== STUDY MATERIAL ==

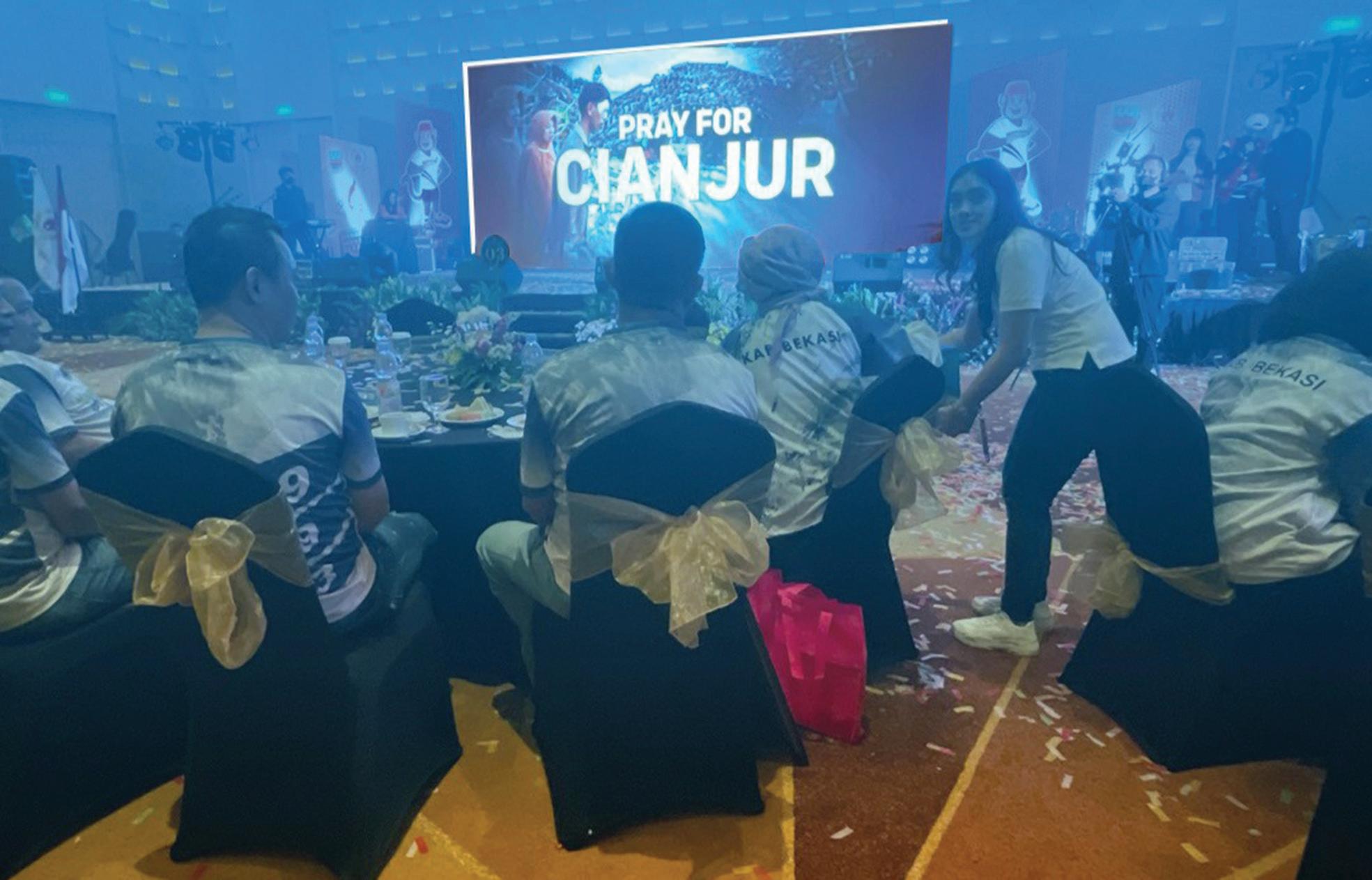 Dirinya mengapreasiasi keg iatan malam apresiasi juara umum dengan konsep peng galangan dana korban gempa bumi Kabupaten Cianjur.
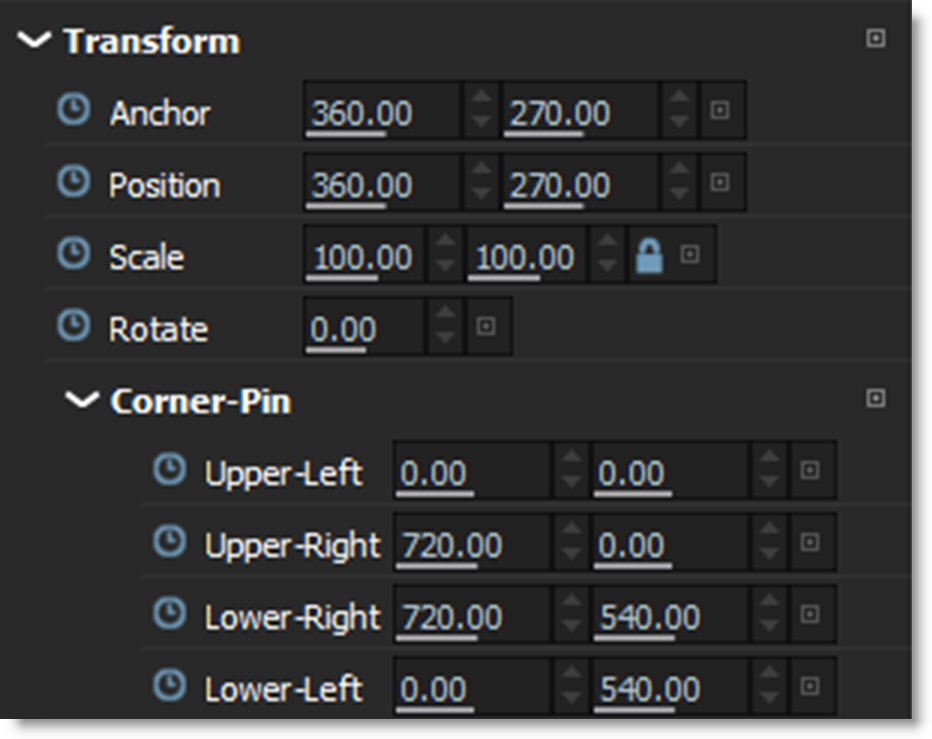 7 Set Transform keyframes for the selected layer at the last properly tracked frame by enabling the Animate icon for the layer parameters that you will be adjusting.
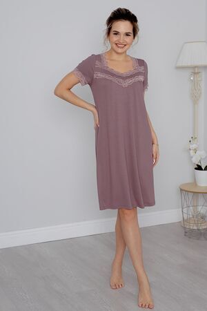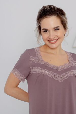 Ночная сорочка больших размеров полуприлегающего силуэта, длинною до колена, выполнена из нежного трикотажного полотна и декорирована узким эластичным кружевом в цвет изделия. Вырез горловины и сборки в районе груди подчеркивают женственность и нежность. Ночнушка не стеснит ваши движения, приятная к телу. Вискозное волокно, содержащие эластан, не подвержено усадке после стирки и при правильном уходе долго сохраняет форму. Модель подойдет, как стройным девушкам, так и дамам с пышными формами. Натуральный материал гарантирует хорошую воздухопроницаемость, что необходимо для комфортного сна. Натуральная шелковистая ткань, которая позволяет коже дышать, превращает модель в комфортную одежду для дома. Эластичное и эффектное кружево добавляет ночнушке сексуальности и романтичности. Домашняя одежда для женщин должна быть красивой и сексуальной. Приобретая нашу сорочку, вы получаете сразу два решения: эффектное платье для дома и одежду для комфортного сна. Вискоза отлично тянется, а это значит, что сорочка подойдет для беременных и кормящих, ее можно взять с собой в роддом.
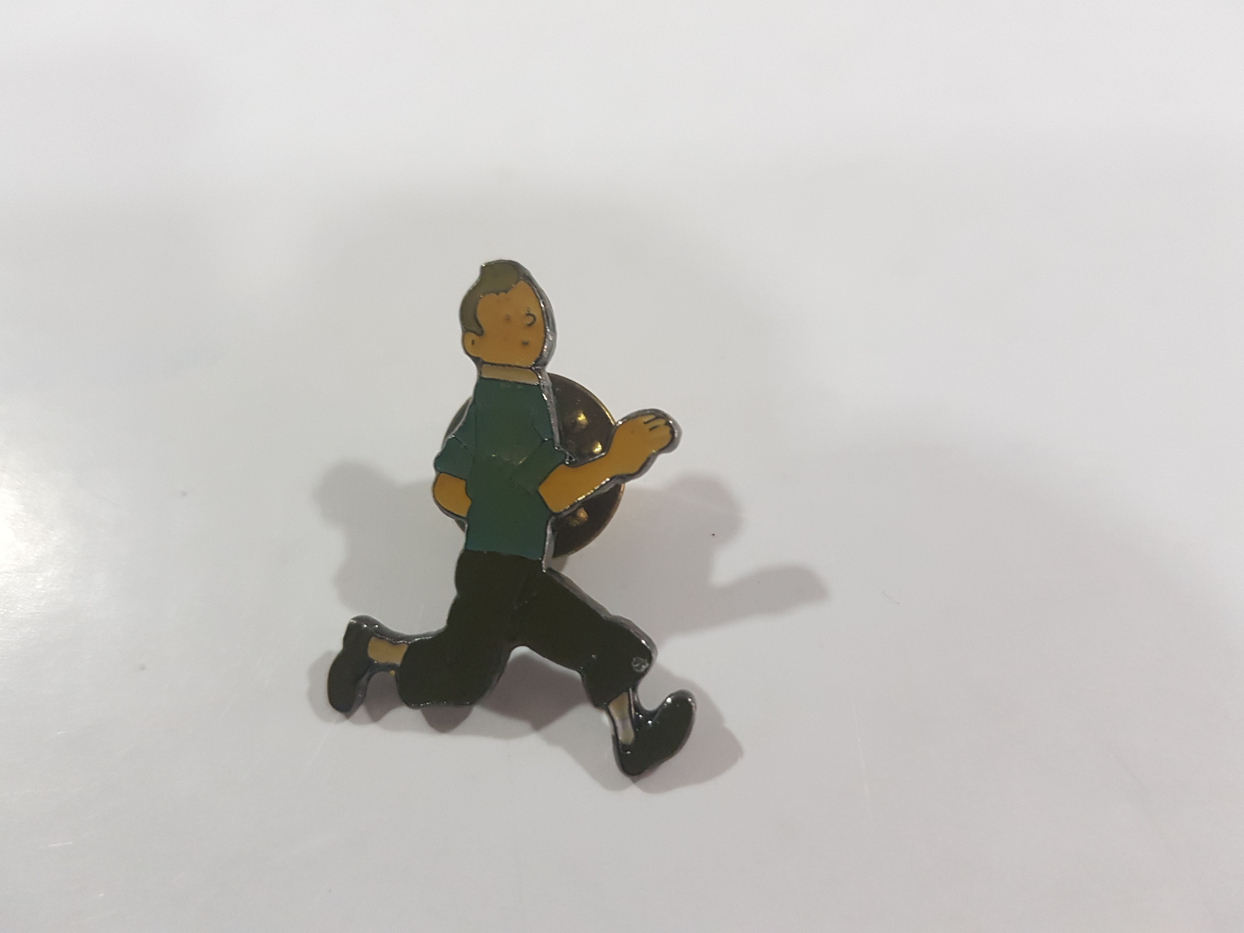 Pin de la marca Córner silueta de Tintín corrent. Imatge de L'Illa Negra.
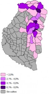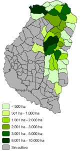 La importancia del cultivo en relación al área correspondiente a cada distrito se expresa a través del Mapa 2.
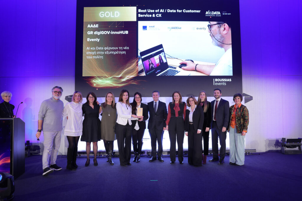 Μία σημαντική αναγνώριση της προόδου που συντελείται στην ανάπτυξη ψηφιακών υπηρεσιών για τον Δημόσιο Τομέα και τη βελτίωση της εμπειρίας του πολίτη στις συναλλαγές του με το Κράτος, με την συμβολή του Κόμβου GR digiGOV-innoHUB, απονεμήθηκε στο πλαίσιο της 2ης τελετής των AI & Data Awards 2026. Η τεχνολογική λύση της εταιρείας Evenly που εφαρμόστηκε πιλοτικά στο πλαίσιο του Κόμβου με στόχο τη συμπερίληψη και την ισότιμη πρόσβαση όλων των πολιτών σε ψηφιακές υπηρεσίες της Ανεξάρτητης Αρχής Δημοσίων Εσόδων (ΑΑΔΕ), διακρίθηκε με gold award στις 27 Ιανουαρίου, στην κατηγορία “Best Use of AI/Data for Customer Service & CX” της ενότητας “AI / Data Value & Ecosystem”.

===

- EXERCISE AIM:
All entries must be written out again exactly as given, with no pictures in the copy.

- RESPONSE:
 Dirinya mengapreasiasi keg iatan malam apresiasi juara umum dengan konsep peng galangan dana korban gempa bumi Kabupaten Cianjur.
 7 Set Transform keyframes for the selected layer at the last properly tracked frame by enabling the Animate icon for the layer parameters that you will be adjusting.
 Ночная сорочка больших размеров полуприлегающего силуэта, длинною до колена, выполнена из нежного трикотажного полотна и декорирована узким эластичным кружевом в цвет изделия. Вырез горловины и сборки в районе груди подчеркивают женственность и нежность. Ночнушка не стеснит ваши движения, приятная к телу. Вискозное волокно, содержащие эластан, не подвержено усадке после стирки и при правильном уходе долго сохраняет форму. Модель подойдет, как стройным девушкам, так и дамам с пышными формами. Натуральный материал гарантирует хорошую воздухопроницаемость, что необходимо для комфортного сна. Натуральная шелковистая ткань, которая позволяет коже дышать, превращает модель в комфортную одежду для дома. Эластичное и эффектное кружево добавляет ночнушке сексуальности и романтичности. Домашняя одежда для женщин должна быть красивой и сексуальной. Приобретая нашу сорочку, вы получаете сразу два решения: эффектное платье для дома и одежду для комфортного сна. Вискоза отлично тянется, а это значит, что сорочка подойдет для беременных и кормящих, ее можно взять с собой в роддом.
 Pin de la marca Córner silueta de Tintín corrent. Imatge de L'Illa Negra.
 La importancia del cultivo en relación al área correspondiente a cada distrito se expresa a través del Mapa 2.
 Μία σημαντική αναγνώριση της προόδου που συντελείται στην ανάπτυξη ψηφιακών υπηρεσιών για τον Δημόσιο Τομέα και τη βελτίωση της εμπειρίας του πολίτη στις συναλλαγές του με το Κράτος, με την συμβολή του Κόμβου GR digiGOV-innoHUB, απονεμήθηκε στο πλαίσιο της 2ης τελετής των AI & Data Awards 2026. Η τεχνολογική λύση της εταιρείας Evenly που εφαρμόστηκε πιλοτικά στο πλαίσιο του Κόμβου με στόχο τη συμπερίληψη και την ισότιμη πρόσβαση όλων των πολιτών σε ψηφιακές υπηρεσίες της Ανεξάρτητης Αρχής Δημοσίων Εσόδων (ΑΑΔΕ), διακρίθηκε με gold award στις 27 Ιανουαρίου, στην κατηγορία “Best Use of AI/Data for Customer Service & CX” της ενότητας “AI / Data Value & Ecosystem”.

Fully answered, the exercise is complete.